Вечер. Солнечные лучи стелются по небольшой поляне, где собрались партизаны, только что вернувшиеся с задания с Витебской железной дороги. Да, картина необыкновенная! Были они обмундированы в форму чуть ли не всех родов войск Красной Армии, в гражданские пиджаки, в немецкие, мышиного цвета, мундиры с тусклыми пуговицами. Да и вооружены чем бог послал: у многих ППШ с круглыми дисками, кавалерийские карабины, скорострельные СВТ, трофейные автоматы и винтовки. А лица молодые, белозубые улыбки, загар на щеках и неуемный жар в глазах – хоть каждого пиши на холсте. Вот стоит узкоглазый, с иссеченным оспой лицом, с умным, пронзительным взглядом партизан, увешанный гранатами и подсумками. А сосед его – с буйным рыжим чубом на крутом виске, с яркой полоской шрама во весь розовый лоб...

– Смирно!– скомандовал командир Александр Бикбаев.– Комиссар слово имеет!– Голос его в один миг смыл и смех и шутки.

– Товарищи, сегодня к нам прибыло новое пополнение...

Полной неожиданностью было для меня начало речи комиссара отряда. Комиссар говорил о нас, и я впервые совсем неожиданно увидел себя со стороны и подивился тому, как, израненный, преодолел на своем пути немыслимые препятствия.

Я не хочу воспроизводить речь комиссара, хотя запомнил ее чуть ли не дословно. Запомнил и тишину лесную, и устремленные на нас глаза людей, и залповые удары ладоней, от которых задрожало сердце.

Всего, что тогда сказал о нас комиссар Николай Цирбунов, хватило мне надолго.

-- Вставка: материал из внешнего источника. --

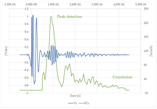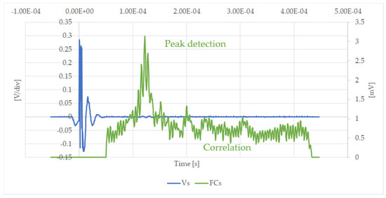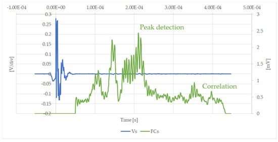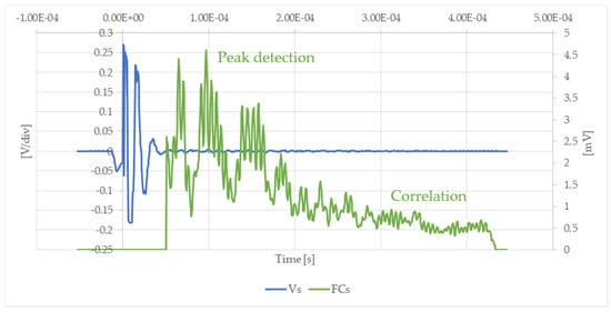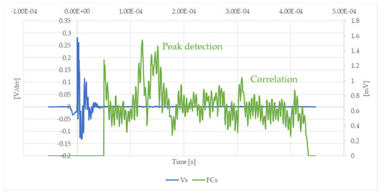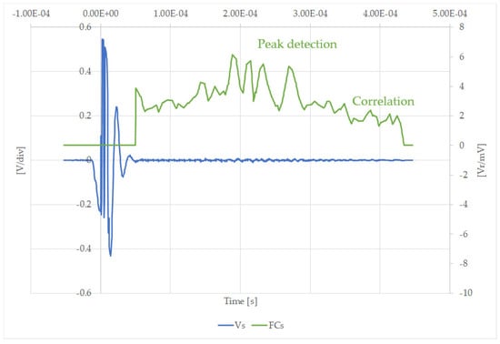 Measured, Vs [V/div], and filtered signal, FCs [Vr/mV], after using the correlation filter in the case of a partial silicone blockage at position A.
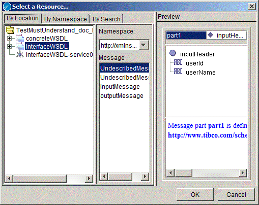 1. Click Input Headers tab. This will show a table with Message name and Part name. Use the + and X buttons to add or delete message in the table. Move the messages up or down the list using the arrow buttons.
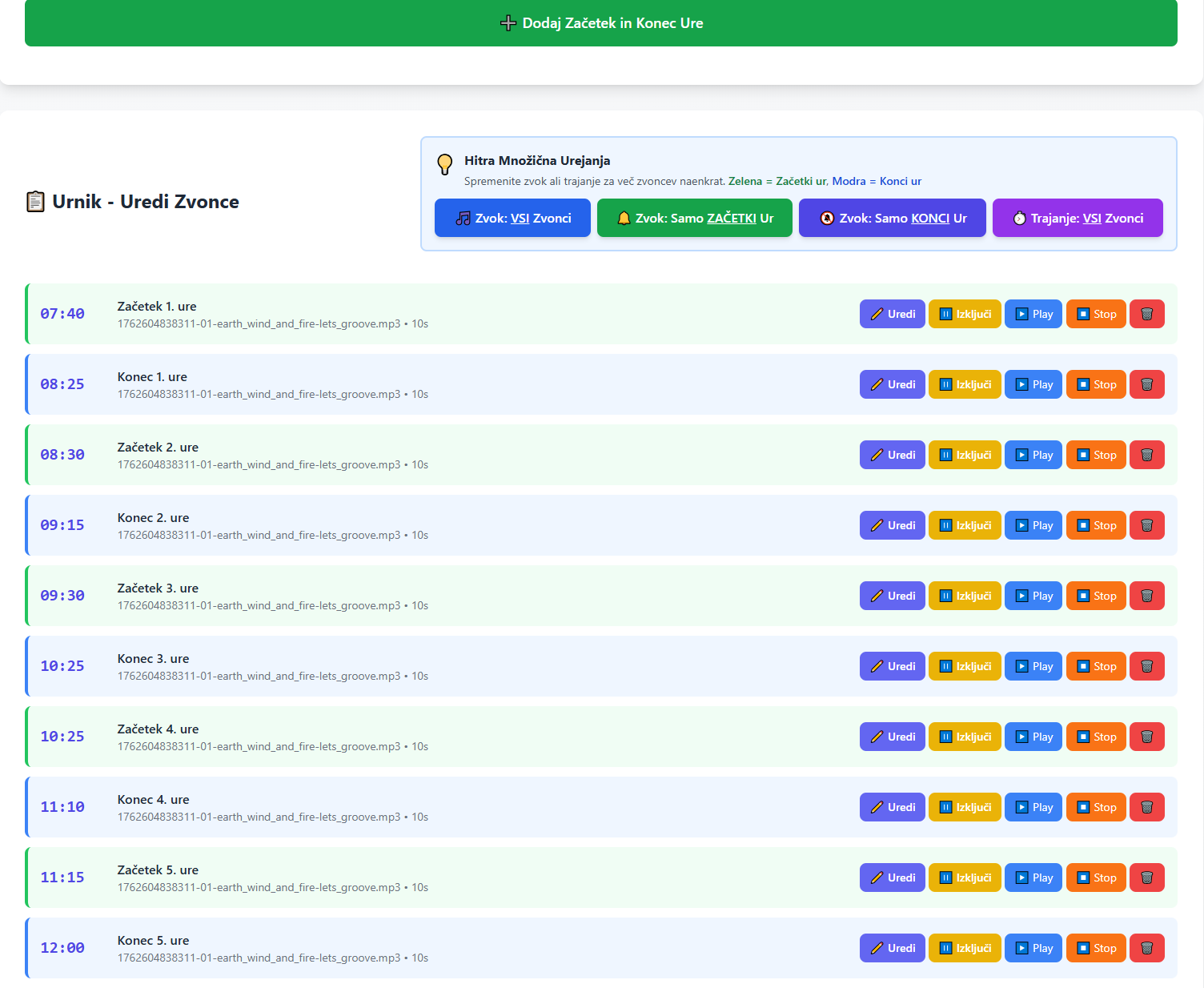 ▶️ Play predvaja zvonec takoj, ⏹️ Stop ustavi predvajanje.
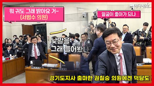고동진 국민의힘 의원도 윤호중 장관과 악수하며 “모두들 열심히 했다. 우리가 숫자가 적으니까 먹히질 않네요. 어쩔 수 없죠”라며 “차관이 법안소위 하느라 수고 많았다”고 말했다. 영상엔 행안위 산회 후 서로 악수하며 수고했다는 덕담을 나누는 장면 등이 담겼다.
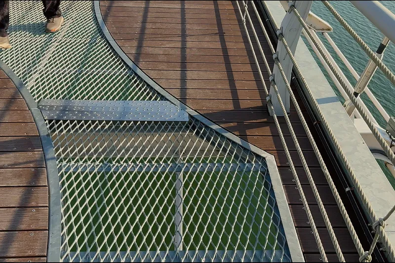 탑정호 출렁다리의 바닥은 나무 데크와 철망으로 구성되어 있습니다.
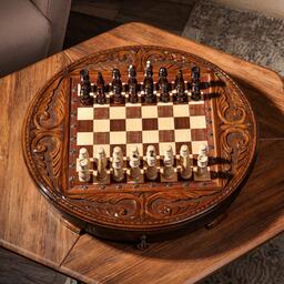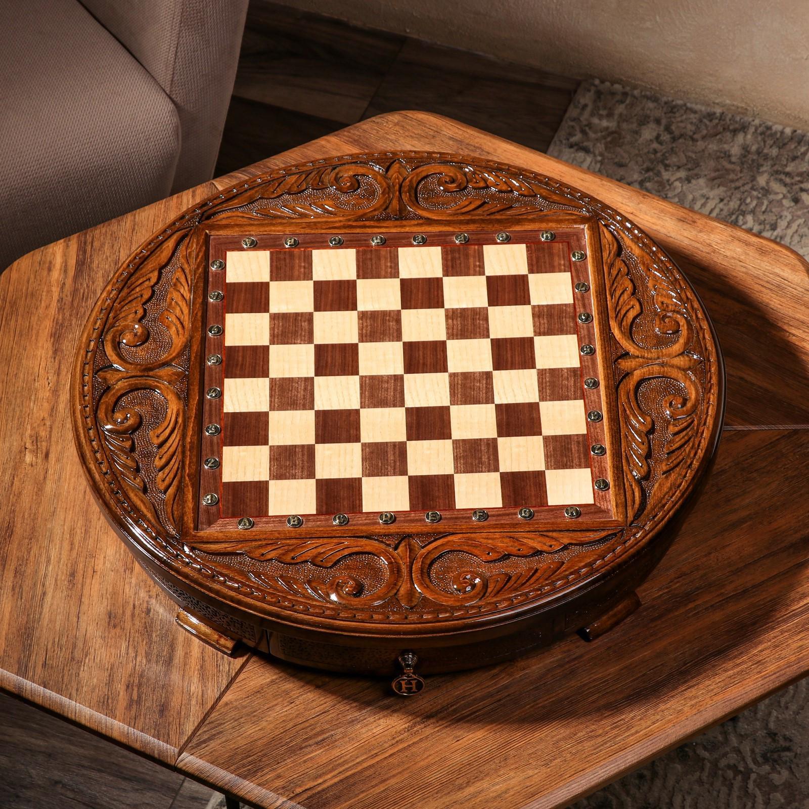 Шахматы ручной работы "Круглые", на ножках, 58х58 см, массив ореха, Армения
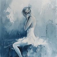 In dit prachtige schilderij zien we een vrouw in een elegante witte jurk, omringd door een overwegend blauwe achtergrond. Haar houding straalt een diepe emotionele kwetsbaarheid uit, iets dat veel mensen zullen herkennen.
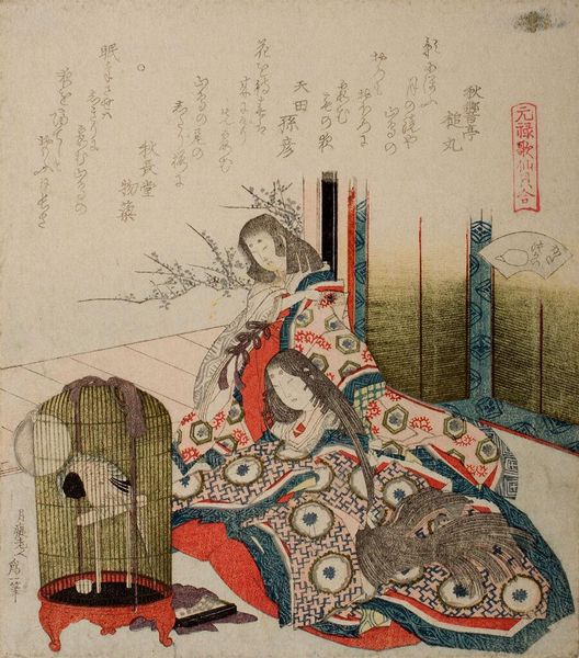 Curator: Let's explore this intriguing print by Katsushika Hokusai, titled "Saddle, Wringer, Smoking Outfit and Plum Branch/ The Cotton Spinning Horse (Watakuri uma)," part of his "A Selection of Horses" series. Editor: It’s quite charming! There's a domestic tranquility to it. I am drawn to the everyday objects rendered with such care. Curator: Indeed! Hokusai's focus on the tools of daily life elevates them. The saddle, for instance, isn’t just a saddle; it becomes a symbol of labor and travel. Consider the plum branch—a traditional signifier of spring and renewal. Editor: And the cotton spinning apparatus highlights the materiality of textiles, the labor involved in creating fabric. You see the materials, the woven basket, the cloth itself. It points to production. Curator: Absolutely. The objects collectively create a cultural narrative. Editor: The artist reminds us of the connection between human work and natural cycles. A beautiful meditation.
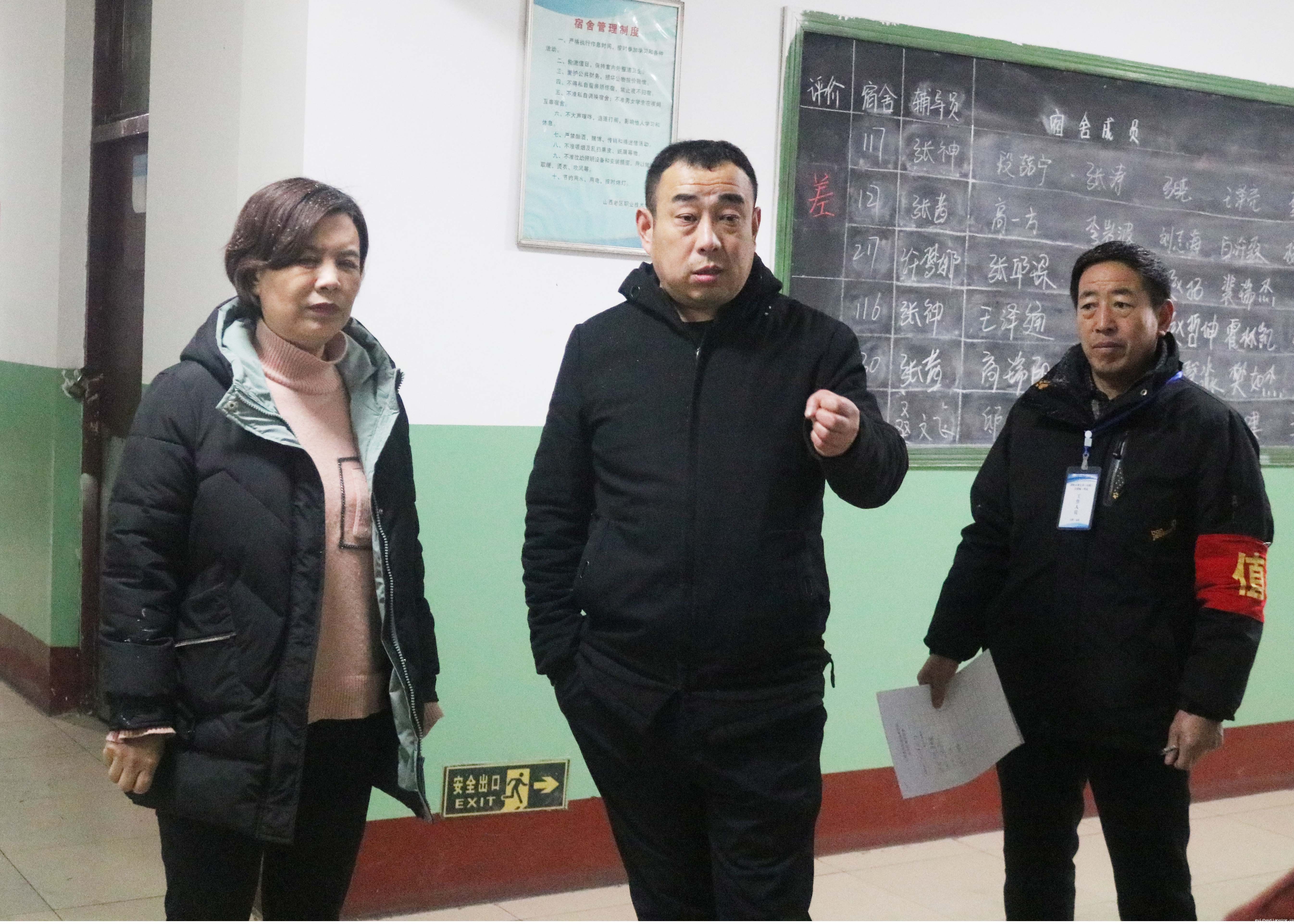 1月5日上午,纷纷扬扬的雪花从天而降,不一会儿,就将整个校园装扮得银装素裹,煞是好看。在这个喜降瑞雪的时刻,为了做好寒假、春节期间校园安全工作,切实维护好全院师生员工的人身和财产安全,陈红梅副院长、侯晋生副院长带领院办、保卫处、后勤处、学生处、实验实训中心、网络信息中心等职能部门负责人对校园安全情况进行检查。

Вечером к шалашу пришел комиссар и сказал, что меня подлечат, немножко откормят медком, яблоками и отправят в партизанский полк Сергея Гришина.

– У них там нормальный госпиталь – сами лечат, оперируют, ставят снова в строй. Тяжелораненых отправляют на самолетах на Большую землю.

– А где сейчас полк Гришина базируется?

– В Белоруссии. Это километров триста отсюда. Дадим тебе хорошего коня. Не будет недостатка и в провожатых.

– Что представляет из себя Гришин?– невольно вырвалось у меня.

– Гришин? Герой Советского Союза, майор. Бывший учитель. Ну, что еще?– Цирбунов надолго задумался, не спеша закурил, шумно пустил дымок, продолжил:– Сергей Владимирович не костью широк, а вот этим самым…– Комиссар постучал ладонью по лбу.– Мы традиционно привыкли измерять, сравнивать дарование военачальников, их сметку с чапаевской, суворовской, а с точки зрения партизанской тактики – с Денисом Давыдовым. Кстати, и места тут близко, где он действовал. Слова «храбрый», «талантливый», «находчивый», отдельно взятые, еще ничего не выражают. Сергей Гришин ни на кого не похож. Человек с большой буквы. Самородок. Люди тянутся к нему. Авторитет его командирский очень высок.

Очень хотелось быстрее увидеть прославленного героя.

– Мы тоже делаем свое дело, как умеем,– продолжал он.– И разведку ведем, и поезда вражеские взрываем, и машины жжем. А полк Гришина действует масштабно, охватывает одновременно несколько районов.

Увидев проходившего командира, Николай крикнул:

– Иди, Саша, приземляйся до нашего шалаша.

– Можно маленько... О чем разговор-то?– садясь на бревнышко, спросил командир.

– Да вот старший лейтенант поедет в полковой госпиталь Сергея Гришина и интересуется, что это за полк, каков командир? Я ему рассказал немного, может, ты добавишь?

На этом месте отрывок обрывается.